Housebuilding:Calculations that real house prices will fall between 2007 and 2009 by 21 per cent may be conservative, writes James Wrynn.
Housebuilding in Ireland has scaled unrealistic heights in recent times, reaching almost 90,000 units last year. This is a rate of more than 20 units per 1,000 of population, The European norm over long periods of time is two to four units per 1,000. The phenomenal rate of housebuilding has been justified in commentary by population increase, largely brought about by inward migration.
But while the number of households has increased significantly over the past 10 years, the scale of new building has more than compensated, with the number of vacant houses almost doubling to 216,000 over the same period.
The increase in vacancies makes it very clear that we have been building houses way in excess of our needs. Still, prices increased by 22 per cent in the two-year run-up to the peak average price level of €311,000 in February of this year. Why?

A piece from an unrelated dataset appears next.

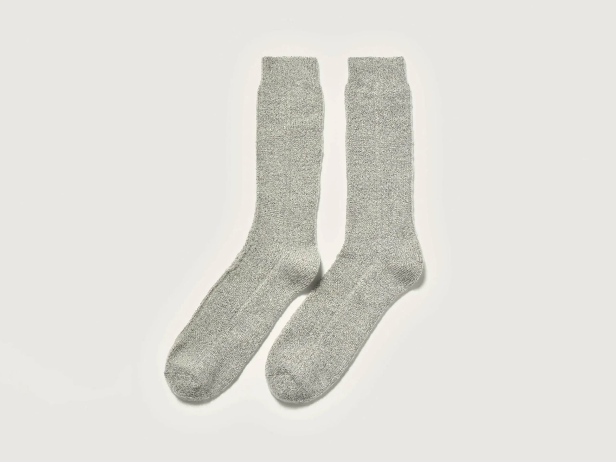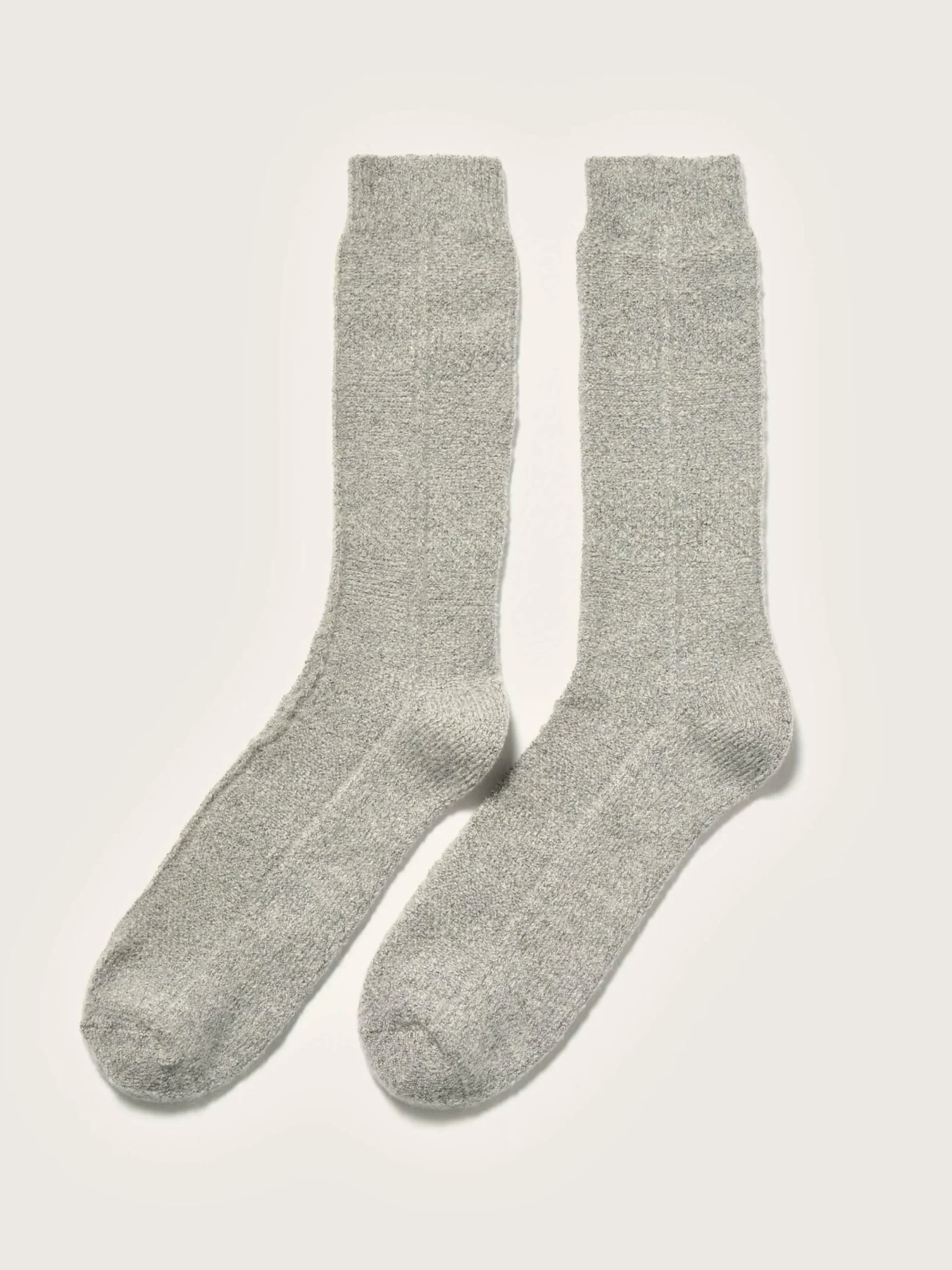 Chaussettes classiques couleur gris chiné tricotées en maille fantaisie avec motif à carreaux.

The increase in the number of households accounts for over half the extra units built. For the rest and the price frenzy, it can be argued that it is largely down to expectation. House prices began to rise with significant drops in unemployment, rising incomes and reduced interest rates that allowed buyers to increase their borrowings for a given level of repayment. Once this pattern of rising prices emerged, speculation started on the future trend in prices.
With the decline in prices, the expectation of capital appreciation has now collapsed.
This leads to consideration of the future. House prices peaked at an average of €311,000 in February 2007, according to the ESRI/Permanent TSB survey. By November, they had declined to €292,000, a decline of 5.9 per cent. The rate of decline is accelerating and will probably reach 10-12 per cent at least for the year to February 2008, giving an average price of around €280,000 at that point.
A significant factor in the rate of decline to date is that new house prices have declined at a slower rate than old houses. But there is substantial evidence that some developers are unwilling to reduce prices or are offering incentives valued at €20,000, such as new cars. Effectively, the nominal price is held, but the real price is dropped, but it is not showing up yet in the data.
If we look ahead to the 12 months from February 2008, a very conservative price decline forecast falls in the range of a further 6-8 per cent. Taking the lower of these figures, this would bring the average house price to €263,000 by February 2009, two years after the peak.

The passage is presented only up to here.